Train a multigroup spVIPES model.

This method trains the model using a custom data splitter that handles multiple groups of cells separately while maintaining the shared-private latent space learning objective.

Parameters:
  • group_indices_list (list[list[int]]) – List of indices corresponding to each group of samples. Each inner list contains the indices for cells belonging to that specific group.

  • max_epochs (int, optional) – Number of passes through the dataset. If None, defaults to np.min([round((20000 / n_cells) * 400), 400]).

  • use_gpu (str, int, bool, optional) – GPU usage specification. Use default GPU if available (if None or True), or index of GPU to use (if int), or name of GPU (if str, e.g., “cuda:0”), or use CPU (if False).

  • train_size (float, default 0.9) – Size of training set in the range [0.0, 1.0].

  • validation_size (float, optional) – Size of the validation set. If None, defaults to 1 - train_size. If train_size + validation_size < 1, the remaining cells belong to the test set.

  • batch_size (int, default 128) – Mini-batch size to use during training.

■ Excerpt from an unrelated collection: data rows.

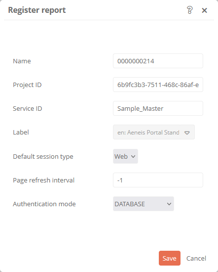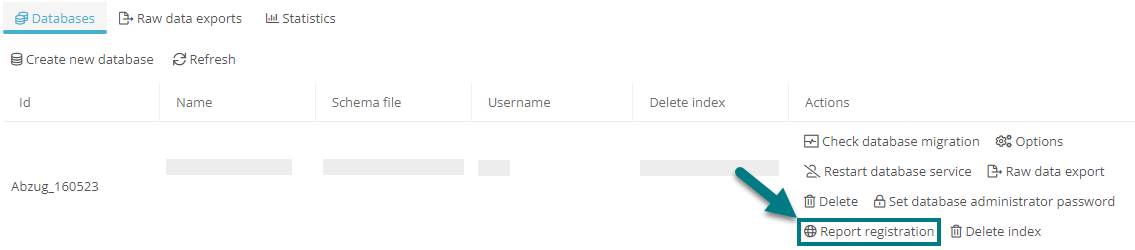 Note: If only one Portal report is stored in a database, the Register report dialog opens directly after you have clicked on Report registration in the Actions column.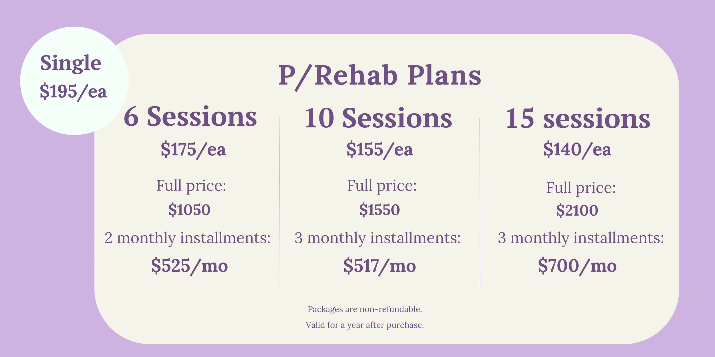 Physical Therapy Evaluation: At your first session, your physical therapist will have an in-depth discussion about your history and goals, perform a thorough assessment including assessing range of motion, strength, movement patterns, etc., and develop an initial game plan for you.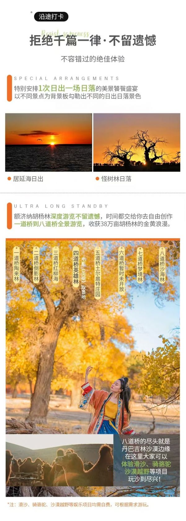 3. 額濟納金秋盛宴每年只有一個月的賞味期,全國各地的游客蜂擁而至,小鎮各項資源過載,當地不斷完善其配套資源但基礎設置仍較薄弱,請大家以平常心對待。
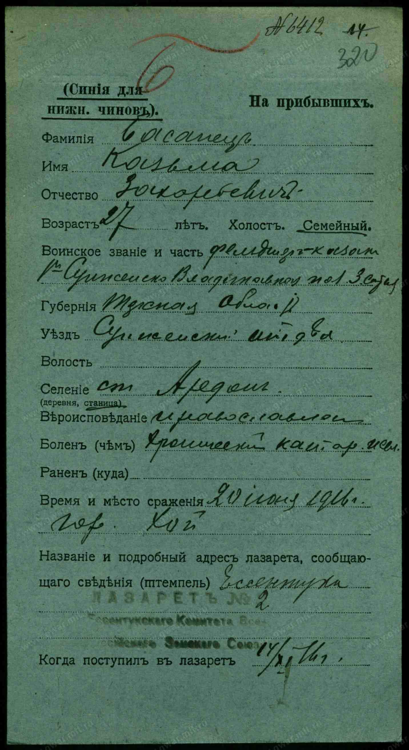 Место рождения Терская обл., Сунженский округ (отдел), стнц. Ардонская

  • early_stopping (bool, default False) – Whether to perform early stopping. Additional arguments can be passed in **trainer_kwargs.

  • plan_kwargs (dict, optional) – Keyword arguments for the training plan. Arguments passed to train() will overwrite values present in plan_kwargs, when appropriate.

  • n_steps_kl_warmup (int, optional) – Number of training steps for KL warmup. Takes precedence over n_epochs_kl_warmup.

  • n_epochs_kl_warmup (int, default 400) – Number of epochs for KL divergence warmup.

  • **trainer_kwargs – Additional keyword arguments for the trainer.

Return type:

None

Returns:

None The model is trained in-place.

Notes

This method uses a specialized MultiGroupDataSplitter that ensures proper handling of multiple cell groups during training, maintaining the integrity of the shared-private latent space learning.